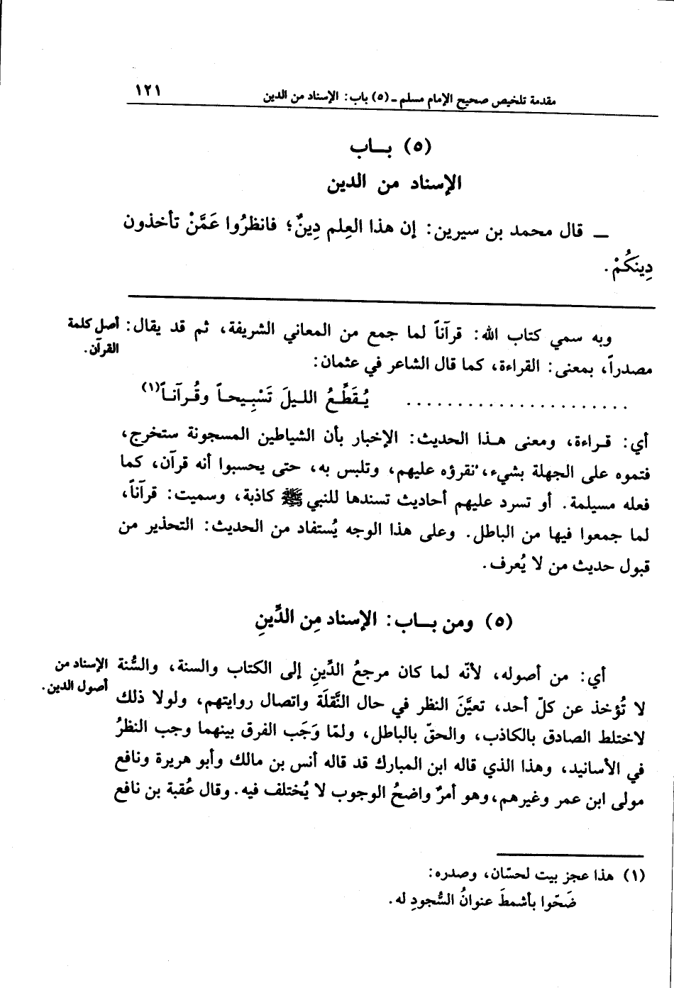 (5) ومِن بَاب الإِسنَادِ مِنَ الدِّينِ
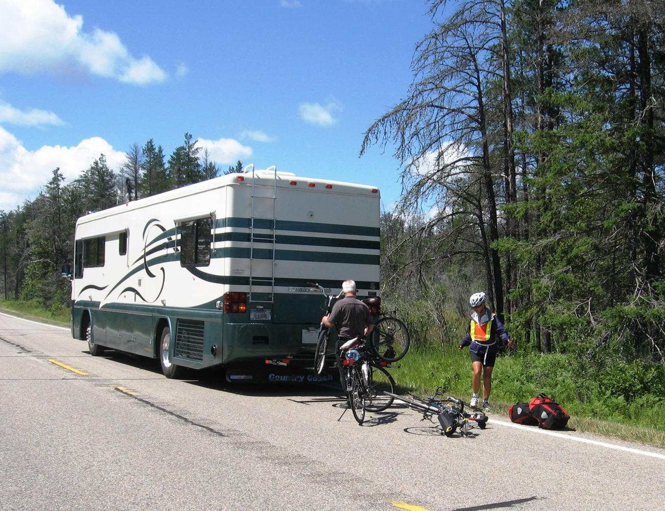 Kim and I eventually flagged down Dan in a gigantic RV, and he took us back to the S & J bike shop in Newberry. There are still good people in this country.
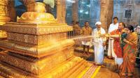 வருடாந்திர பிரம்மோற்சவ விழாவையொட்டி திருப்பதி ஏழுமலையான் கோவிலில், கோவில் ஆழ்வார் திருமஞ்சனம் எனப்படும் தூய்மைப்பணி நடந்தது.

What to do => Starting at the line that contains "Kim and I eventually", retype each line through the final one in the listing, with both ends kept and the pictures omitted.

Exercise answer =>
 Kim and I eventually flagged down Dan in a gigantic RV, and he took us back to the S & J bike shop in Newberry. There are still good people in this country.
 வருடாந்திர பிரம்மோற்சவ விழாவையொட்டி திருப்பதி ஏழுமலையான் கோவிலில், கோவில் ஆழ்வார் திருமஞ்சனம் எனப்படும் தூய்மைப்பணி நடந்தது.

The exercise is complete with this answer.